WORK TO COMPLETE: Take the whole listing and reproduce it exactly, pictures excepted.

DATA SEGMENT:
--- START ---

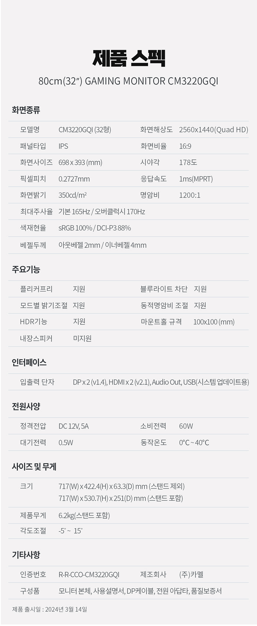 참고 : CM3220GQI 상품 상세정보(다나와) https://prod.danawa.com/info/?pcode=41826902&keyword=CM3220GQI&cate=112757#bookmark_product_information
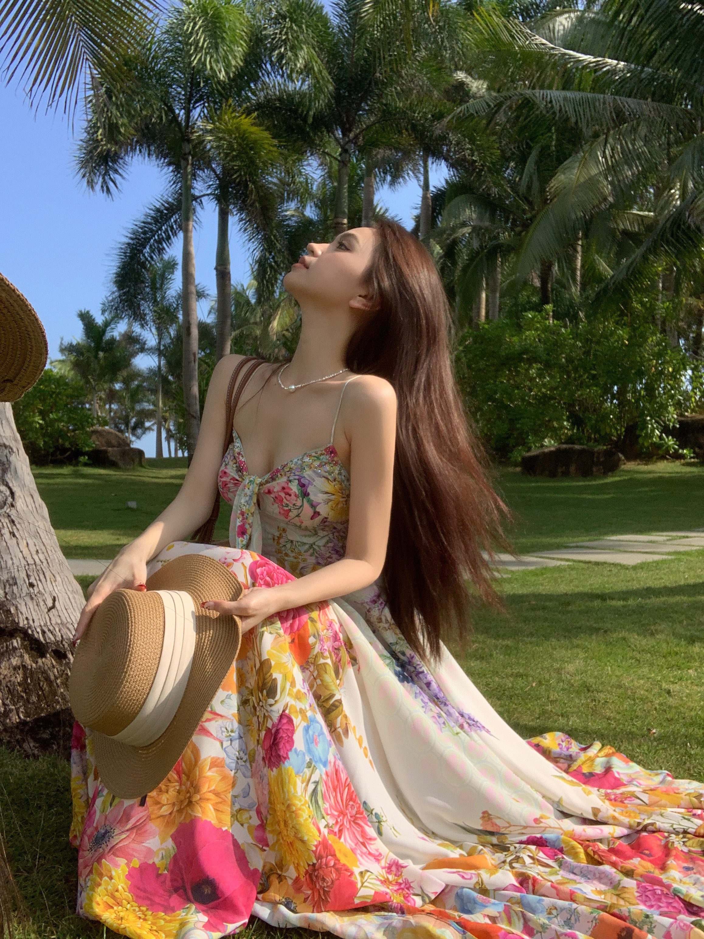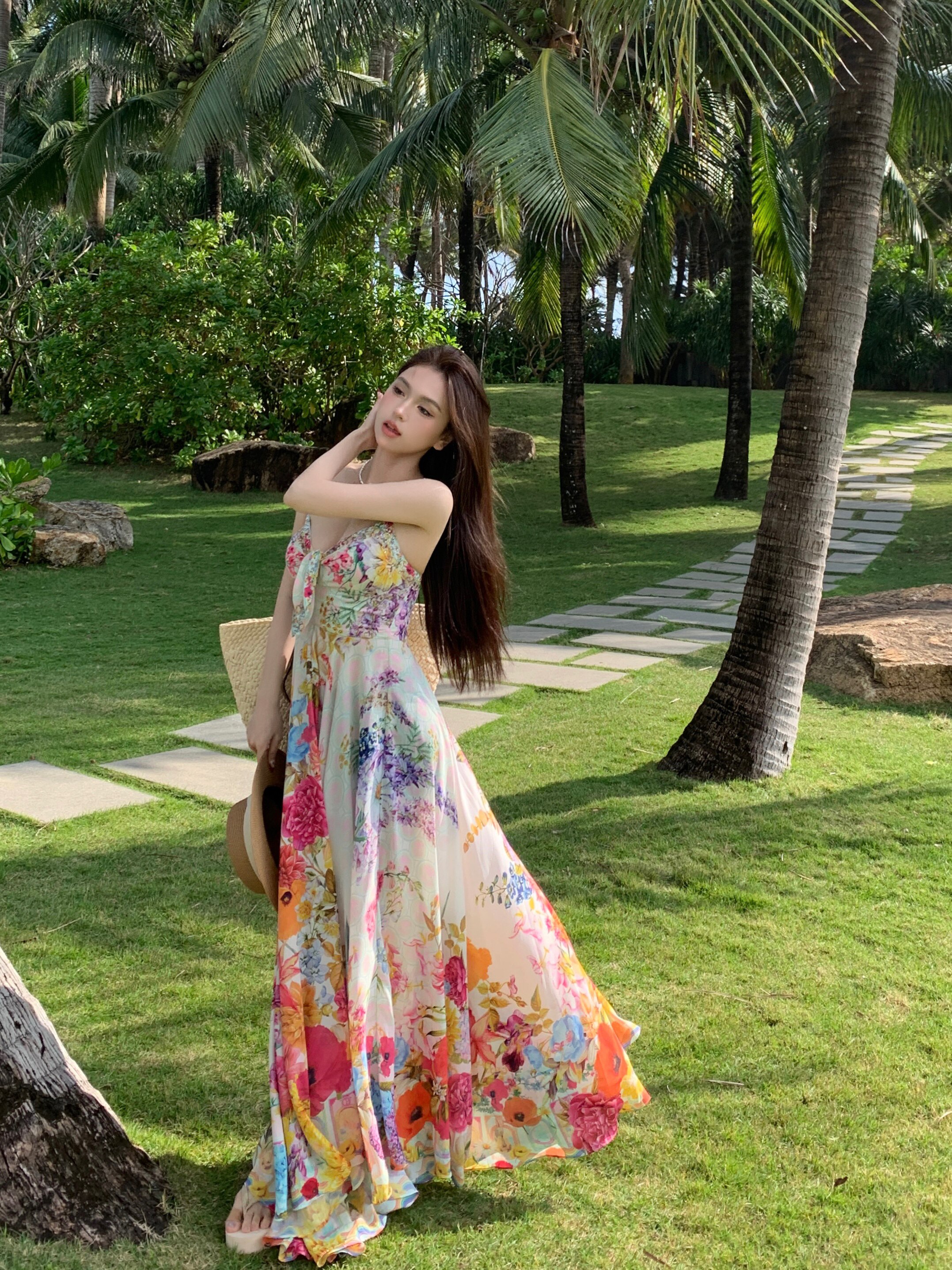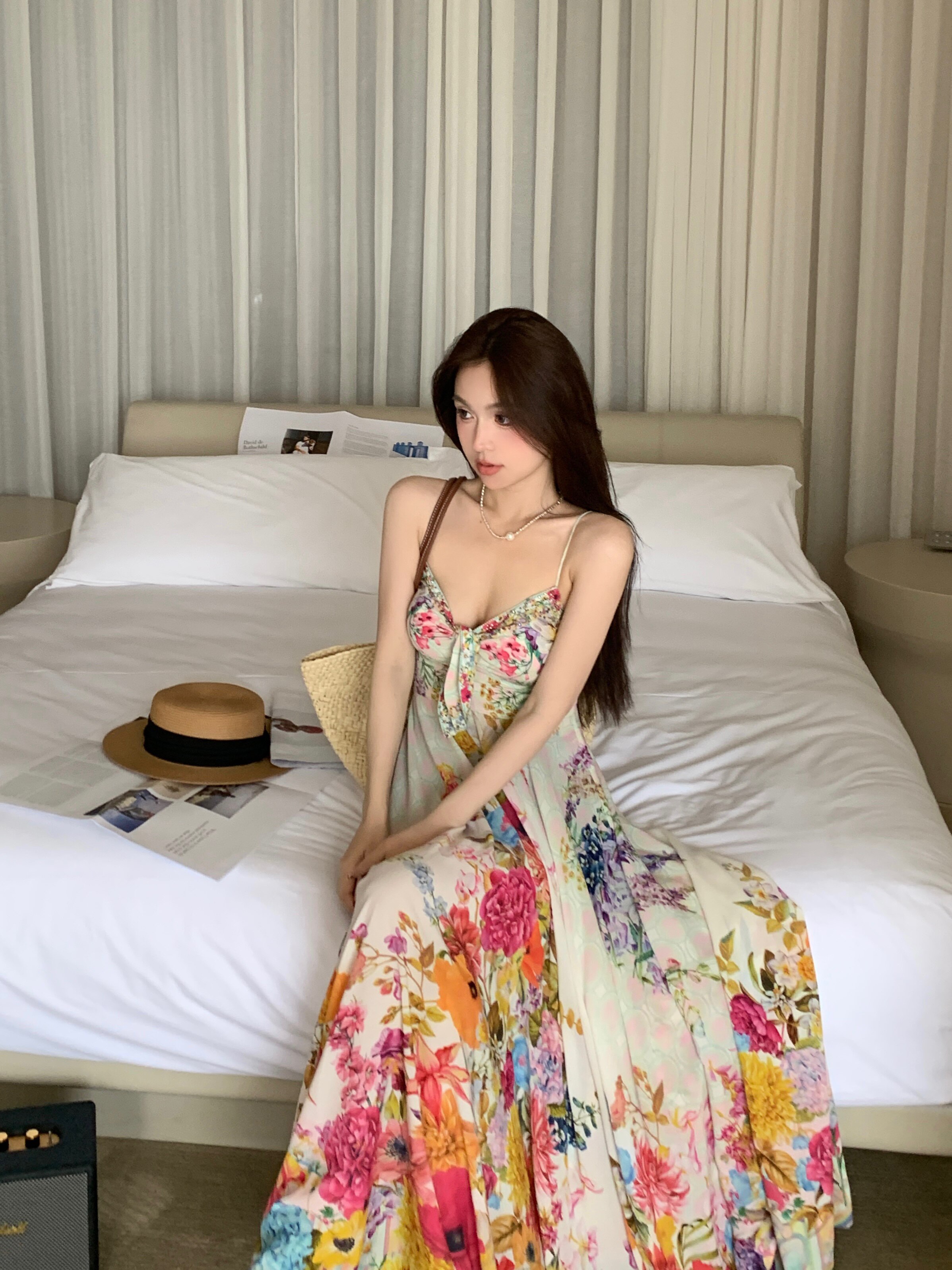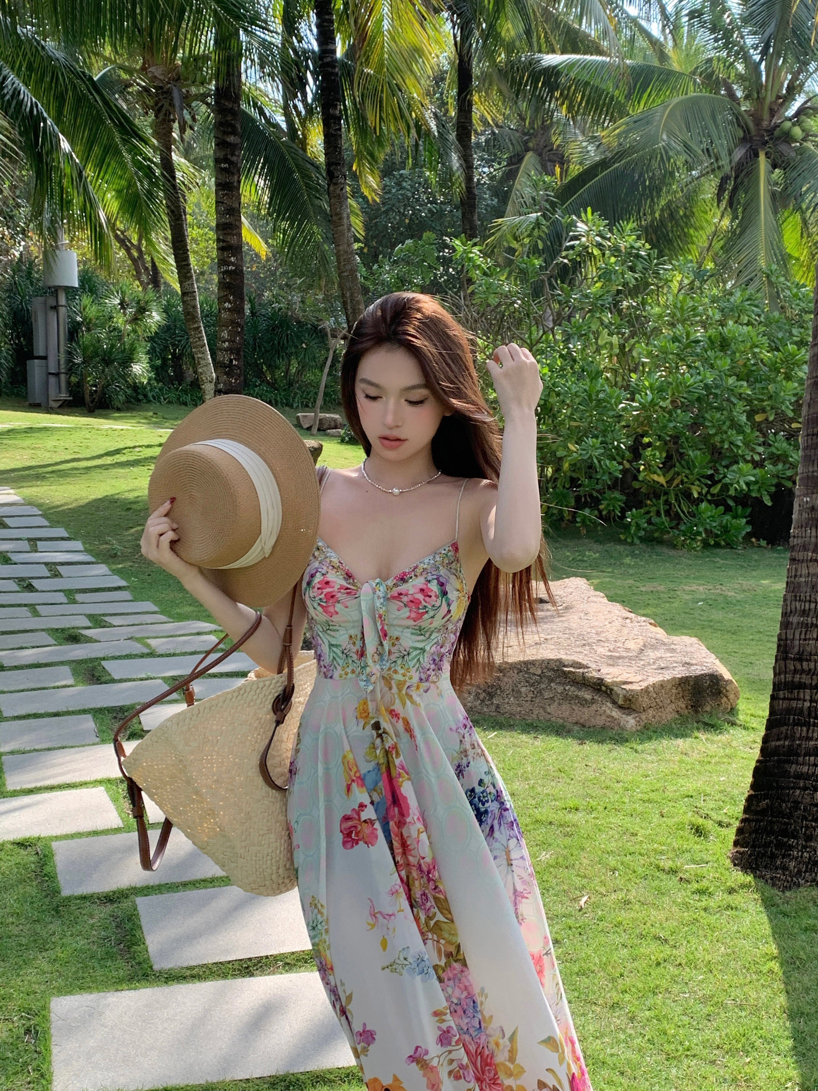 Летний корсет, длинная юбка, платье, А-силуэт, цветочный принт, французский стиль
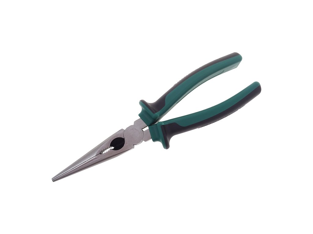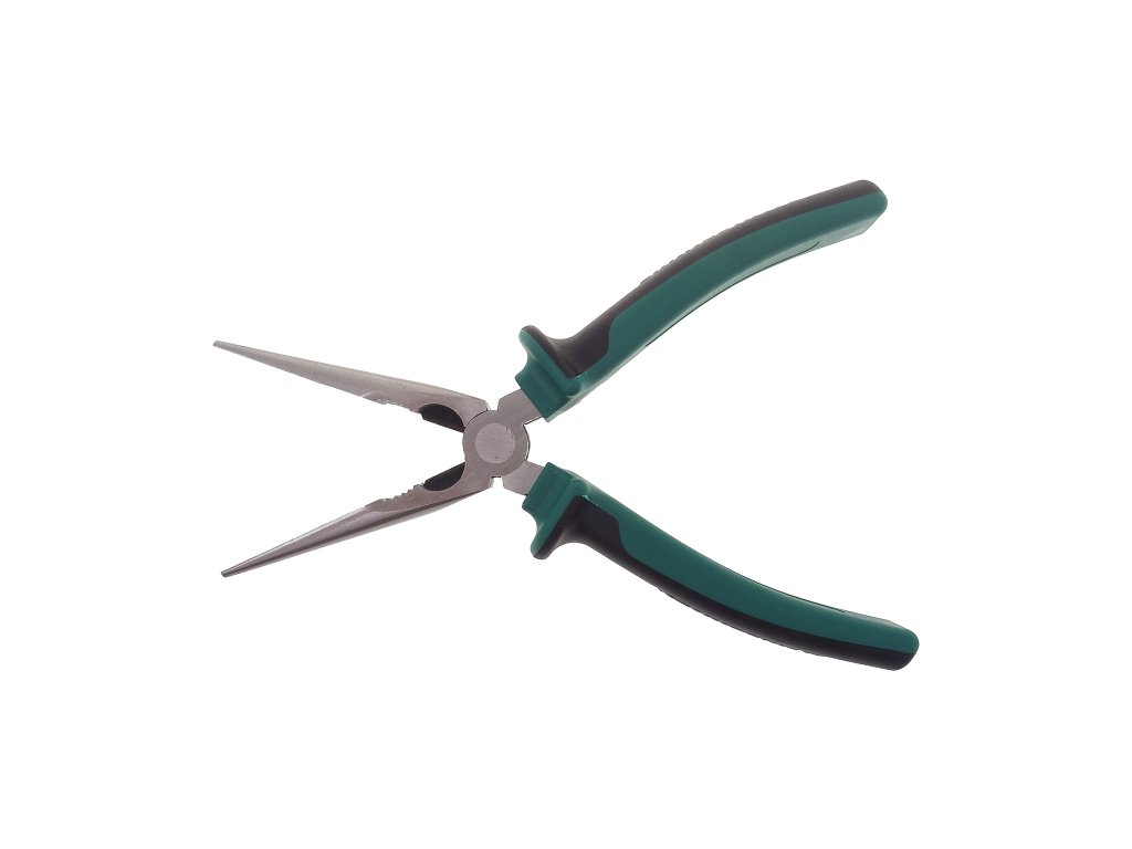 Dlouhé zúžené čelisti umožňují práci v prostorech s omezeným přístupem (např. rozvodné skříně). Jemné vroubkování čelistí pro pevný úchop materiálu; ostří pro podélný střih drátů.

--- END ---

RESULT OF THIS EXERCISE:
 참고 : CM3220GQI 상품 상세정보(다나와) https://prod.danawa.com/info/?pcode=41826902&keyword=CM3220GQI&cate=112757#bookmark_product_information
 Летний корсет, длинная юбка, платье, А-силуэт, цветочный принт, французский стиль
 Dlouhé zúžené čelisti umožňují práci v prostorech s omezeným přístupem (např. rozvodné skříně). Jemné vroubkování čelistí pro pevný úchop materiálu; ostří pro podélný střih drátů.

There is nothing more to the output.